Segment Start: Stored data

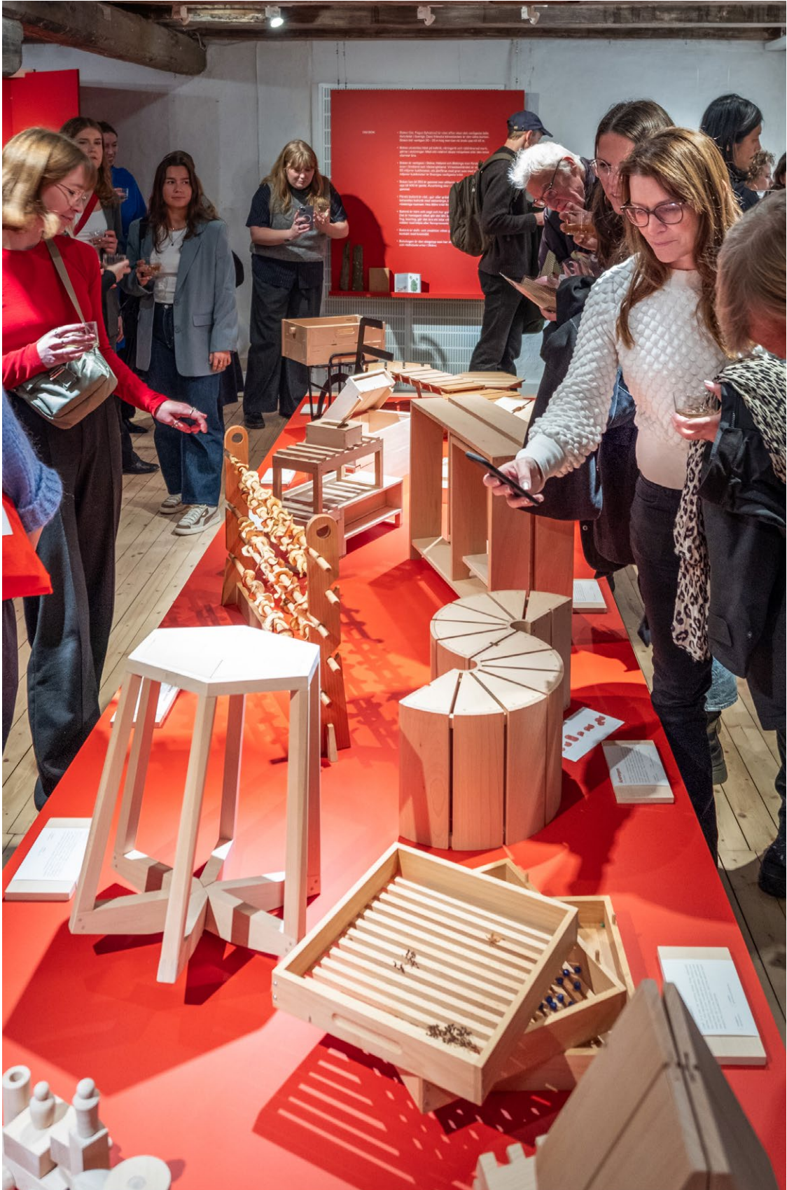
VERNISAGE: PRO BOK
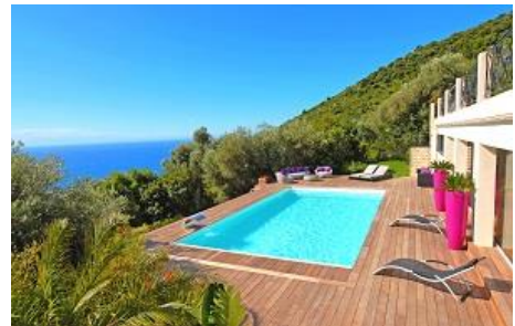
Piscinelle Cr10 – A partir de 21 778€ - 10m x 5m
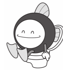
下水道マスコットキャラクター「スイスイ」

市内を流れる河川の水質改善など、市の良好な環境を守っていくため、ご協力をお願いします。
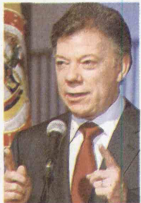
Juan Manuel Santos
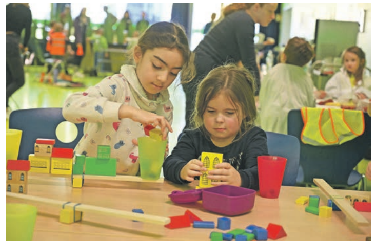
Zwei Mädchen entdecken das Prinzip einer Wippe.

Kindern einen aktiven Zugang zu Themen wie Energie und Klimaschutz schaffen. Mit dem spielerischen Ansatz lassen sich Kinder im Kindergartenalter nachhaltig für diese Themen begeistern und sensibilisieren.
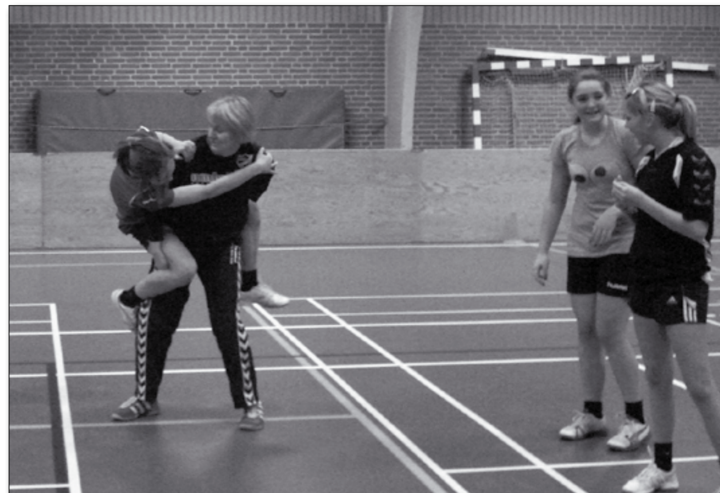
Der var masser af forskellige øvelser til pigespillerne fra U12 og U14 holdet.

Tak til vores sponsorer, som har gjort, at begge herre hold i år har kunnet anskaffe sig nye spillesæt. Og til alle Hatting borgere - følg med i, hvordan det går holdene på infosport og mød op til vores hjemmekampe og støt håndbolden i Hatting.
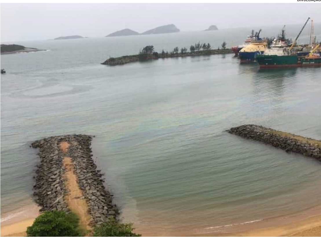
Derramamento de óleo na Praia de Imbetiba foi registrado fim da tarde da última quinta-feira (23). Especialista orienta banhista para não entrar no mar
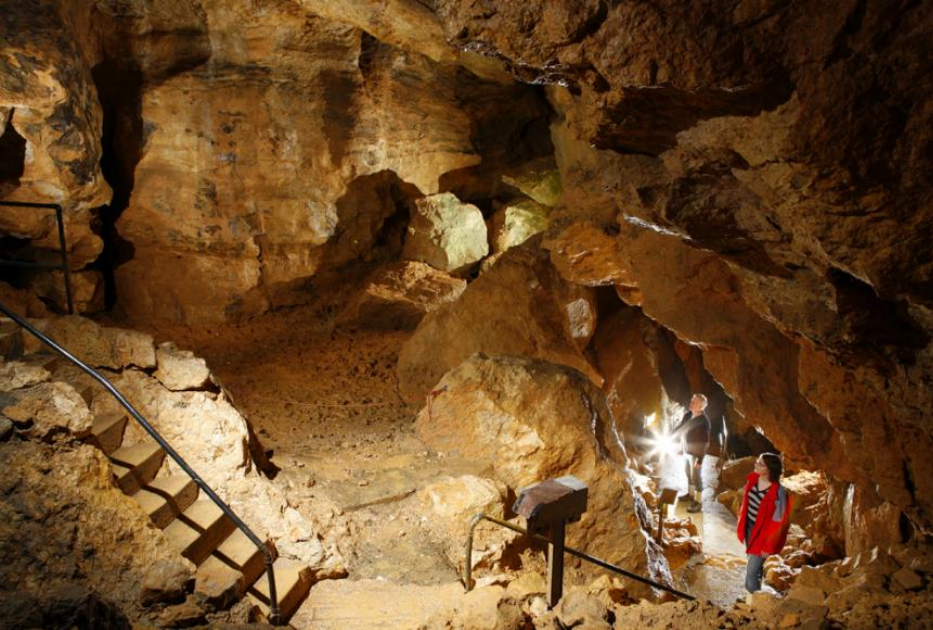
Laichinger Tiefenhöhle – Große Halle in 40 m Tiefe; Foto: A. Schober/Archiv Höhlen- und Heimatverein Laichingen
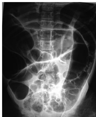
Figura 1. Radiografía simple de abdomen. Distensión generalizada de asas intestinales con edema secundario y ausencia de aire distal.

Segment End: Stored data

## [Instructions to follow]
Give the data back exactly, omitting all pictures.

## [Task output]
VERNISAGE: PRO BOK
Piscinelle Cr10 – A partir de 21 778€ - 10m x 5m
下水道マスコットキャラクター「スイスイ」

市内を流れる河川の水質改善など、市の良好な環境を守っていくため、ご協力をお願いします。
Juan Manuel Santos
Zwei Mädchen entdecken das Prinzip einer Wippe.

Kindern einen aktiven Zugang zu Themen wie Energie und Klimaschutz schaffen. Mit dem spielerischen Ansatz lassen sich Kinder im Kindergartenalter nachhaltig für diese Themen begeistern und sensibilisieren.
Der var masser af forskellige øvelser til pigespillerne fra U12 og U14 holdet.

Tak til vores sponsorer, som har gjort, at begge herre hold i år har kunnet anskaffe sig nye spillesæt. Og til alle Hatting borgere - følg med i, hvordan det går holdene på infosport og mød op til vores hjemmekampe og støt håndbolden i Hatting.
Derramamento de óleo na Praia de Imbetiba foi registrado fim da tarde da última quinta-feira (23). Especialista orienta banhista para não entrar no mar
Laichinger Tiefenhöhle – Große Halle in 40 m Tiefe; Foto: A. Schober/Archiv Höhlen- und Heimatverein Laichingen
Figura 1. Radiografía simple de abdomen. Distensión generalizada de asas intestinales con edema secundario y ausencia de aire distal.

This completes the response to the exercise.